Start of Block

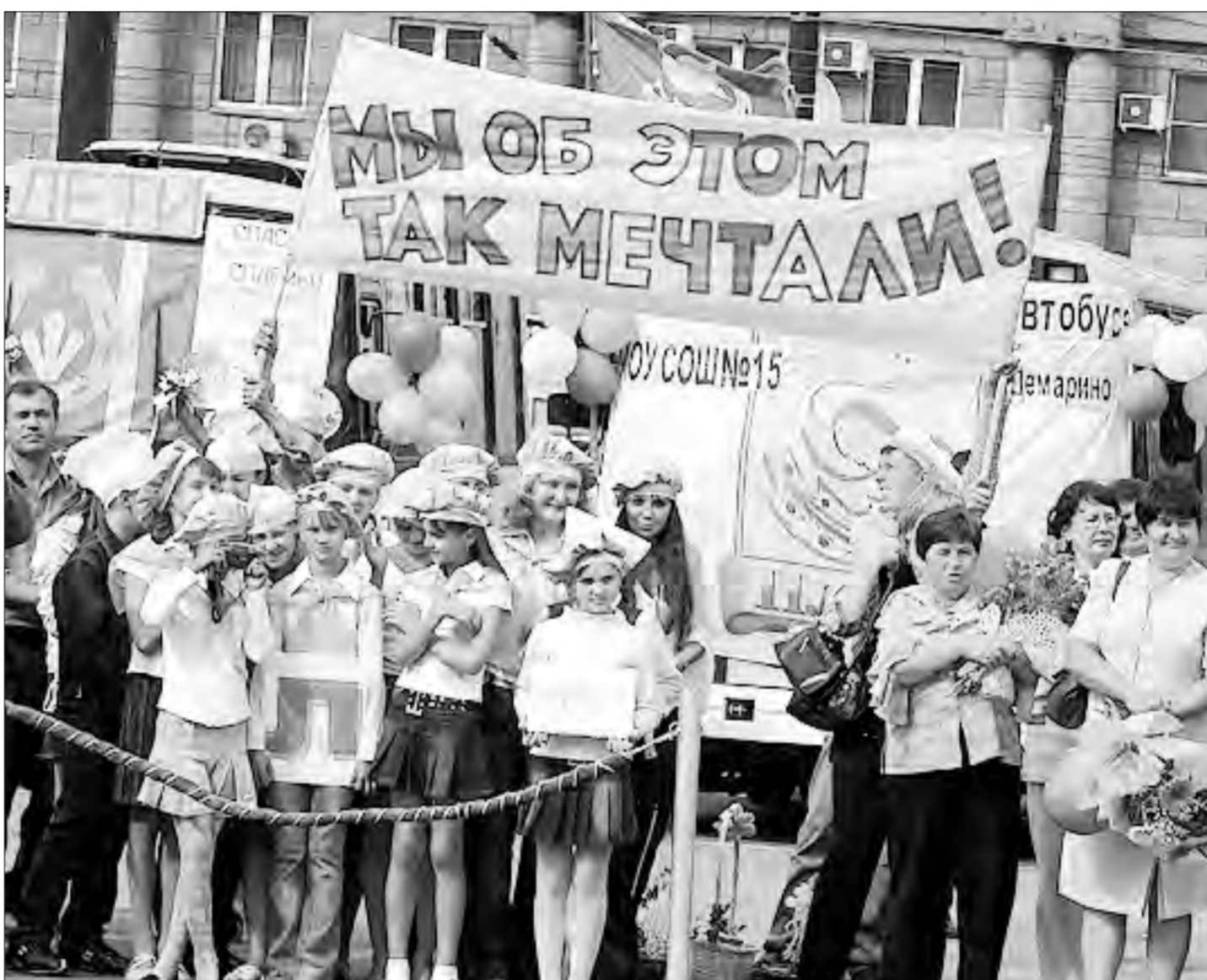
Благодаря нацпроекту образование получило значительную поддержку и со стороны субъектов РФ

Собственно, это было всегда: ученики, которые много
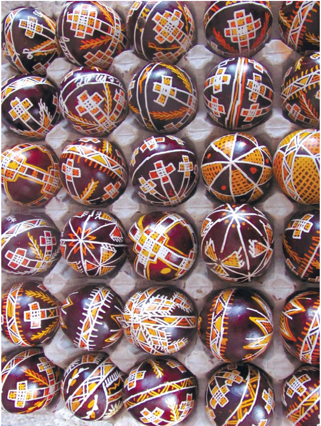
Отут ікрас җе клан'а т'удиҗскіх писанок.
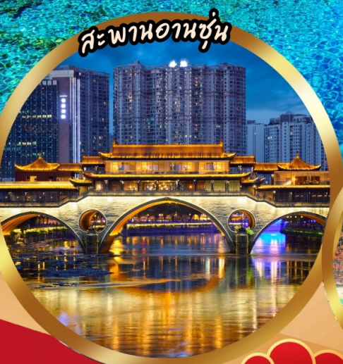
สะพานอันซุ่น
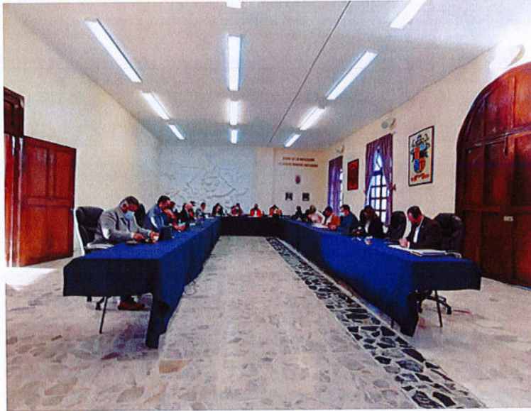
SESIÓN PÚBLICA EXTRAORDINARIA DE AYUNTAMIENTO N° 103.
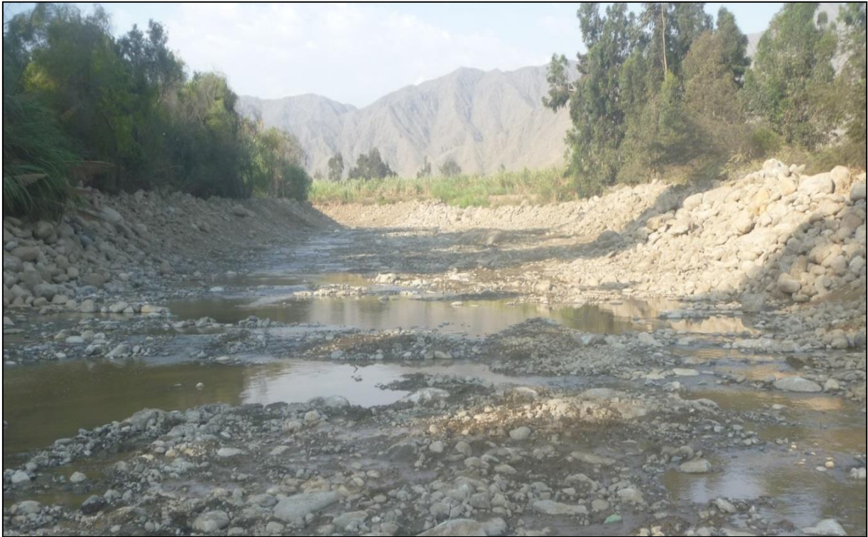
FOTO 45: se muestra una de las actividades de Prevención 2015-2016, Descolmatación de la margen derecha del río Moche, sector Santa Rosa Baja, Terminado.
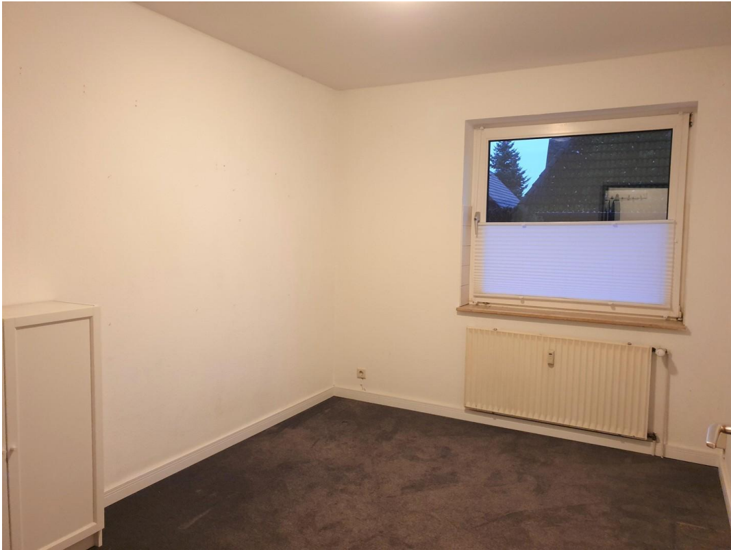
Arbeits- oder Kinderzimmer
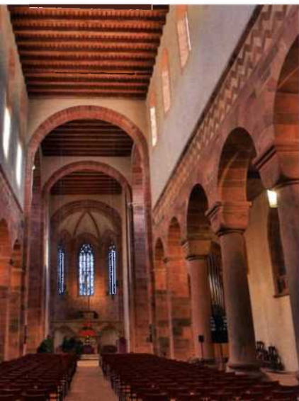
Eine Stätte früher Kultur: Kloster Alpirsbach
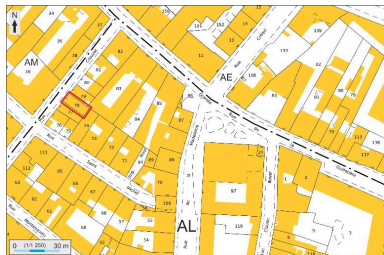
Plan masse et de situation, extrait de http://cadastre.gouv.fr IVR82_20136902463NUDA

End of Block

**Brief**: Give exactly the lines above that run from the line with "Отут ікрас җе клан'а т'удиҗскіх писанок." to the line with "Arbeits- oder Kinderzimmer", both included, leaving every picture out.

**Answer to this task**:
Отут ікрас җе клан'а т'удиҗскіх писанок.
สะพานอันซุ่น
SESIÓN PÚBLICA EXTRAORDINARIA DE AYUNTAMIENTO N° 103.
FOTO 45: se muestra una de las actividades de Prevención 2015-2016, Descolmatación de la margen derecha del río Moche, sector Santa Rosa Baja, Terminado.
Arbeits- oder Kinderzimmer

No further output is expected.